This seemed to do the trick for me!

Upvotes: 0

y_nk
y_nk

Reputation: 2275

For an all-in-one answer which also covers react-router-dom:

  1. Add package.json['homepage'] to be your production URL. To be noted, the CRA build step removes the domain part of the URL to leave only the path to index.

  2. When building for localhost, do PUBLIC_URL=/ npm run build

  3. Add <base href="%PUBLIC_URL%" /> in your public/index.html page as proposed in this article ; it will provide support for assets (img, CSS) and will expose the %PUBLIC_URL% to be reused later.

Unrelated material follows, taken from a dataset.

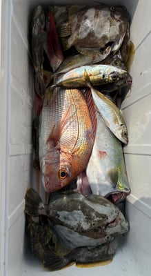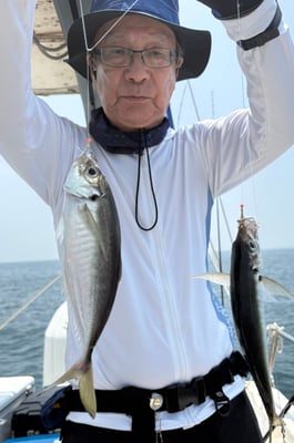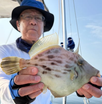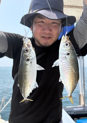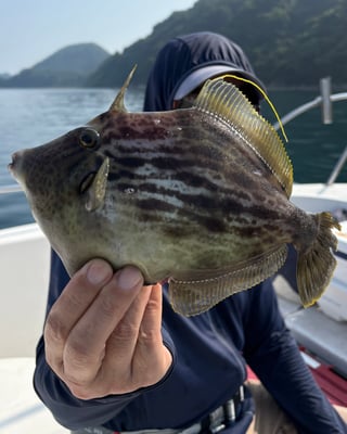 2025年 · 7月 09日, 2025年 7月9日 ハギ鯛アジ&青物 釣果 今日は3名様乗合でカワハギ、鯛、アジ&青物狙いで出船しました。 カワハギは今日も型が良く、肝頭は15枚ぐらいでした。 鯛は50㎝までを船中6枚。アジは時合が短く1人当たり5~7尾でした。 鯛の反応を探していると青物のナブラに囲まれ、キャスティングで仕留めてました。流石です。 魚探にもヤズの反応があり、タイラバにもヒットしてました、、、w 今日は興居島を一周するだけで4魚種全てをカバーすることが出来、ラッキーな一日でした。 お疲れ様でした。ありがとうございました。 tagPlaceholderカテゴリ:

  4. In the component which creates your BrowserRouter (typically App.js or main.js), add:

    const basename = document.querySelector('base')?.getAttribute('href') ?? '/'    
    
  5. use as: <BrowserRouter basename={basename} />

Upvotes: 23

sudo bangbang
sudo bangbang

Reputation: 28229

Docs for create-react-app explains how to serve same build from different relative paths.

If you put homepage as

"homepage": ".",

assets will be served relative to index.html. You will then be able to move your app from http://mywebsite.example to http://mywebsite.example/relativepath or even http://mywebsite.example/relative/path without having to rebuild it.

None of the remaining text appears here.